Autonomous Material Composite Morphing Wing

TL;DR

This paper introduces a novel autonomous material composite approach for designing bio-inspired morphing wings that achieve high deformation in three degrees of freedom with simplified actuation and integrated sensing.

Contribution

It presents a new paradigm using elastomeric lattices and optical fiber sensors to enable complex, multi-DOF morphing in wings with reduced mechanical complexity.

Findings

Achieved high-deformation morphing in twist, camber, and extension.

Demonstrated aerodynamic performance modifications in wind tunnel tests.
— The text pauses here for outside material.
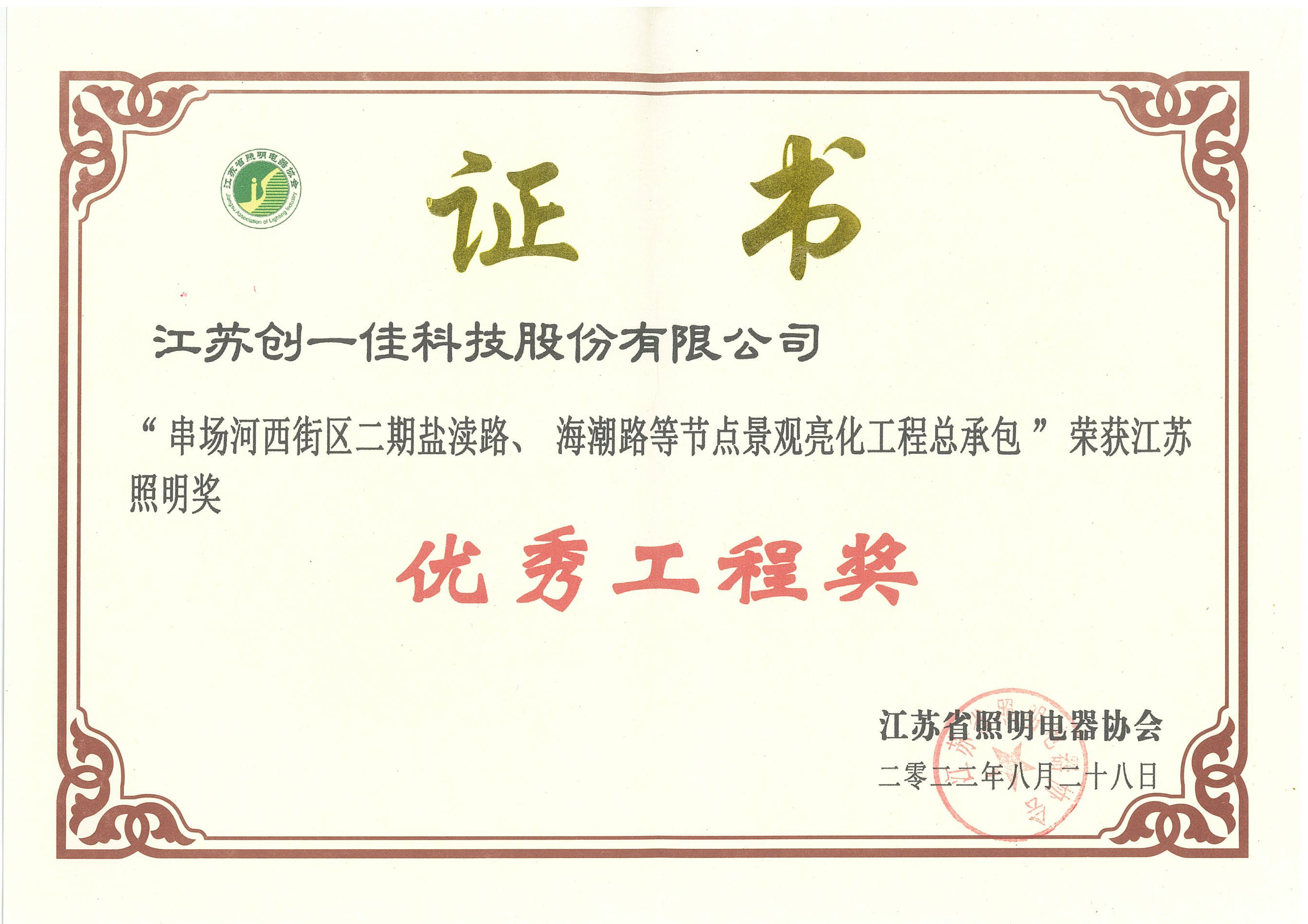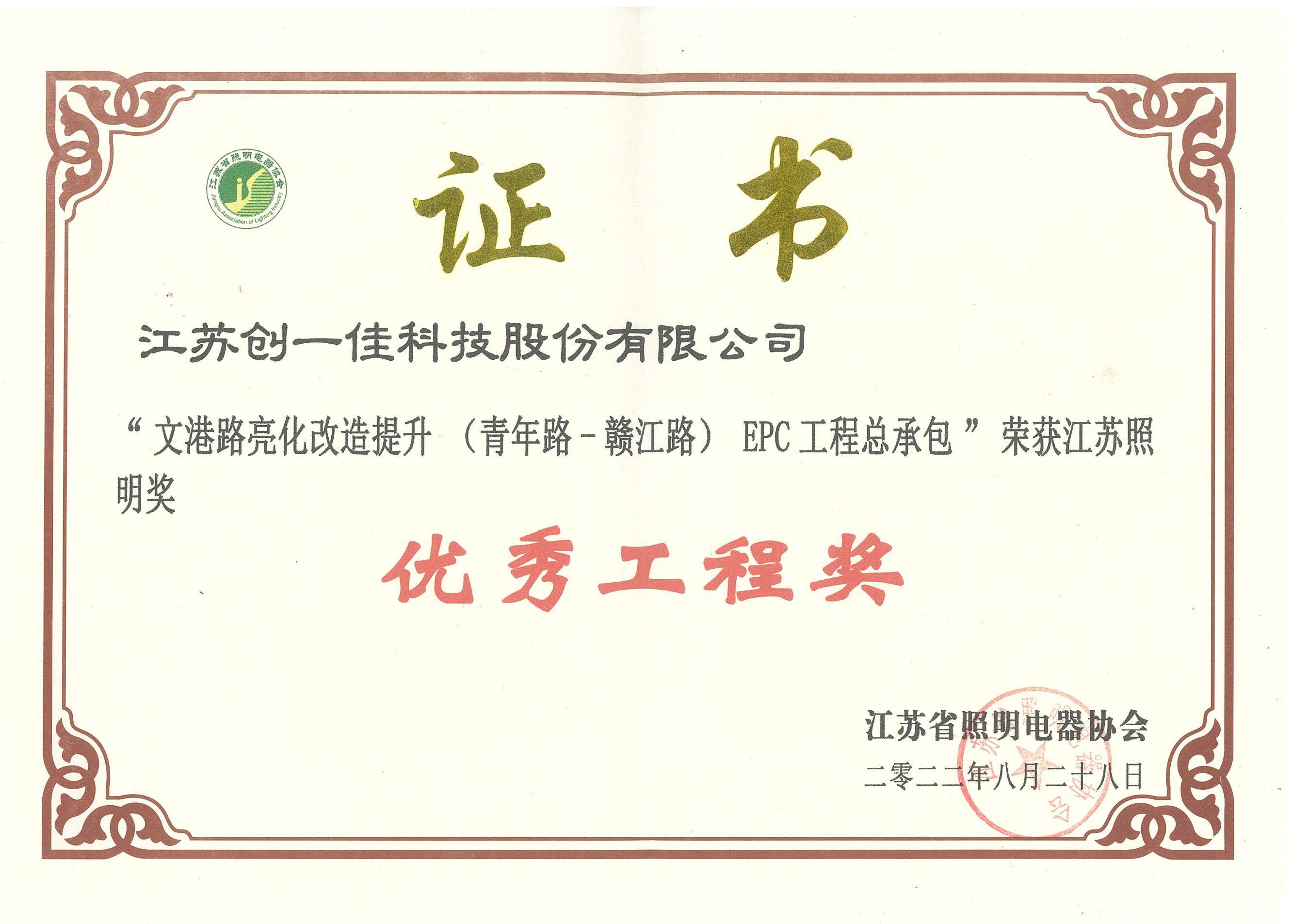 鹽城文港路EPC總承包項(xiàng)目榮獲“江蘇照明獎(jiǎng)優(yōu)秀工程獎(jiǎng)”
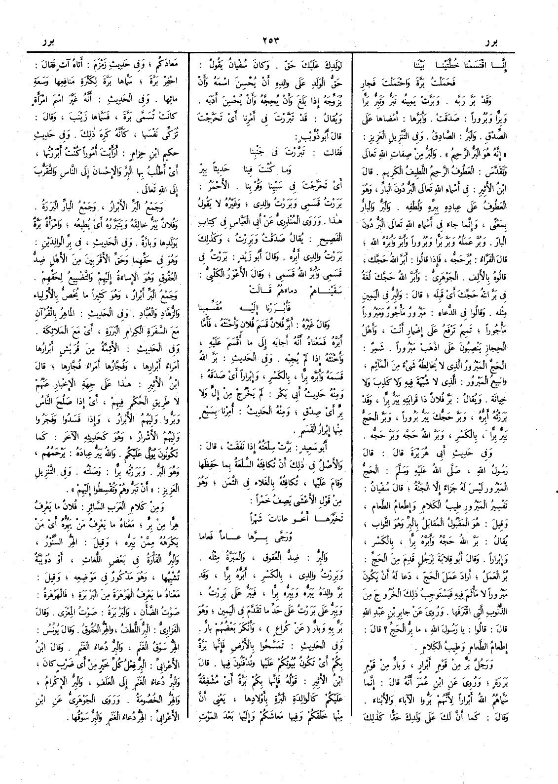 إِنَّا اقْتَسَمْنا خُطَّتَيْنا بَيْنَنا فَحَمَلْتُ بَرَّةَ واحْتَمَلْتَ فَجارِ وقد بَرَّ رَبَّه وبَرَّتْ يمينُه تَبَرُّ وتَبِرُّ بَرّاً وبِرّاً وبُرُوراً صَدَقَتْ وأَبَرَّها أَمضاها على الصِّدْقِ والبَرُّ الصادقُ وفي التنزيل العزيز إِنه هو البَرُّ الرحيمُ والبَرُّ من صفات الله تعالى وتقدس العَطُوفُ الرحيم اللطيف الكريم قال ابن الأَثير في أَسماء الله تعالى البَرُّ دون البارِّ وهو العَطُوف على عباده بِبِرَّهِ ولطفه والبَرُّ والبارُّ بمعنًى وإِنما جاء في أَسماء الله تعالى البَرُّ دون البارّ وبُرَّ عملُه وبَرَّ بَرّاً وبُرُوراً وأَبَرَّ وأَبَرَّه الله قال الفراء بُرَّ حَجُّه فإِذا قالوا أَبَرَّ الله حَجَّك قالوه بالأَلف الجوهري وأَبَرَّ اللهُ حَجَّك لغة في بَرَّ اللهُ حَجَّك أَي قَبِلَه قال والبِرُّ في اليمين مثلُه وقالوا في الدعاء مَبْرُورٌ مَأْجُورٌ ومَبرُوراً مَأْجوراً تميمٌ ترفع على إِضمار أَنتَ وأَهلُ الحجاز ينصبون على اذْهَبْ مَبْرُوراً شمر الحج المَبْرُورُ الذي لا يخالطه شيء من المآثم والبيعُ المبرورُ الذي لا شُبهة فيه ولا كذب ولا خيانة ويقال بَرَّ فلانٌ ذا قرابته يَبَرُّ بِرّاً وقد برَرْتُه أَبِرُّه وبَرَّ حَجُّكَ يَبَرُّ بُرُوراً وبَرَّ الحجُّ يَبِرُّ بِرّاً بالكسر وبَرَّ اللهُ حَجَّهُ وبَرَّ حَجُّه وفي حديث أَبي هريرة قال قال رسولُ الله صلى الله عليه وسلم الحجُّ المبرورُ ليس له جزاءٌ إِلا الجنةُ قال سفيان تفسير المبرور طِيبُ الكلام وإِطعام الطعام وقيل هو المقبولُ المقابَلُ بالبرِّ وهو الثواب يقال بَرَّ اللهُ حَجَّه وأَبَرَّهُ بِرّاً بالكسر وإِبْرَاراً وقال أَبو قِلابَةَ لرجل قَدِمَ من الحج بُرَّ العملُ أَرادَ عملَ الحج دعا له أَن يكون مَبْرُوراً لا مَأْثَمَ فيه فيستوجب ذلك الخروجَ من الذنوب التي اقْتَرَفَها وروي عن جابر بن عبدالله قال قالوا يا رسول الله ما بِرُّ الحجِّ ؟ قال إِطعامُ الطعام وطِيبُ الكلامِ ورجل بَرٌّ من قوم أَبرارٍ وبارٌّ من قوم بَرَرَةٍ وروي عن ابن عمر أَنه قال إِنما سماهم الله أَبْراراً لأَنهم بَرُّوا الآباءَ والأَبناءَ وقال كما أَن لك على ولدك حقّاً كذلك لولدك عليك حق وكان سفيان يقول حقُّ الولدِ على والده أَن يحسن اسمه وأَن يزوّجه إِذا بلغ وأَن يُحِجَّه وأَن يحسن أَدبه ويقال قد تَبَرَّرْتَ في أَمرنا أَي تَحَرَّجْتَ قال أَبو ذؤيب فقالتْ تَبَرَّرْتَ في جَنْبِنا وما كنتَ فينا حَدِيثاً بِبِرْ أَي تَحَرَّجْتَ في سَبْيِنا وقُرْبِنا الأَحمَر بَرَرْتُ قسَمي وبَرَرْتُ والدي وغيرُه لا يقول هذا وروي المنذري عن أَبي العباس في كتاب الفصيح يقال صَدَقْتُ وبَرِرْتُ وكذلك بَرَرْتُ والدي أَبِرُّه وقال أَبو زيد بَرَرْتُ في قسَمِي وأَبَرَّ اللهُ قَسَمِي وقال الأَعور الكلبي سَقَيْناهم دِماءَهُمُ فَسالَتْ فأَبْرَرْنَا إِلَيْه مُقْسِمِينا وقال غيره أَبَرَّ فلانٌ قَسَمَ فلان وأَحْنَثَهُ فأَما أَبَرَّه فمعناه أَنه أَجابه إِلى ما أَقسم عليه وأَحنثه إِذا لم يجبه وفي الحديث بَرَّ اللهُ قَسَمَه وأَبَرَّه بِرّاً بالكسر وإِبراراً أَي صدقه ومنه حديث أَبي بكر لم يَخْرُجْ من إِلٍّ ولا بِرٍّ أَي صِدْقٍ ومنه الحديث أَبو إِسحق أُمِرْنا بِسَبْعٍ منها إِبرارُ القَسَمِ أَبو سعيد بَرَّتْ سِلْعَتُه إِذا نَفَقَتْ قال والأَصل في ذلك أَن تُكافئه السِّلْعَةُ بما حَفِظها وقام عليها تكافئه بالغلاء في الثمن وهو من قول الأَعشى يصف خمراً تَخَيَّرَها أَخو عاناتَ شَهْراً ورَجَى بِرَّها عاماً فعاما والبِرُّ ضِدُّ العُقُوقُ والمَبَرَّةُ مثله وبَرِرْتُ والدي بالكسر أَبَرُّهُ بِرّاً وقد بَرَّ والدَه يَبَرُّه ويَبِرُّه بِرّاً فَيَبَرُّ على بَرِرْتُ ويَبِرُّ على بَرَرْتُ على حَدِّ ما تقدَّم في اليمين وهو بَرٌّ به وبارٌّ عن كراع وأَنكر بعضهم بارٌّ وفي الحديث تَمَسَّحُوا بالأَرضِ فإِنها بَرَّةٌ بكم أَي تكون بيوتكم عليها وتُدْفَنُون

Validated sensor trends for future wing state estimation and control.

Abstract

Aeronautics research has continually sought to achieve the adaptability and morphing performance of avian wings, but in practice, wings of all scales continue to use the same hinged control-surface embodiment. Recent research into compliant and bio-inspired mechanisms for morphing wings and control surfaces has indicated promising results, though often these are mechanically complex, or limited in the number of degrees-of-freedom (DOF) they can control. Seeking to improve on these limitations, we apply a new paradigm denoted Autonomous Material Composites to the design of avian-scale morphing wings. With this methodology, we reduce the need for complex actuation and mechanisms, and allow for three-dimensional placement of stretchable fiber optic strain gauges (Optical Lace) throughout the metamaterial structure. This structure centers around elastomeric conformal lattices, and by applying functionally-graded warping and thickening to this lattice, we allow for local tailoring of the compliance properties to fit the desired morphing. As a result, the wing achieves high-deformation morphing in three DOF: twist, camber, and extension/compression, with these morphed shapes effectively modifying the aerodynamic performance of the wing, as demonstrated in low-Reynolds wind tunnel testing. Our sensors also successfully demonstrate differentiable trends across all degrees of morphing, enabling the future state estimation and control of this wing.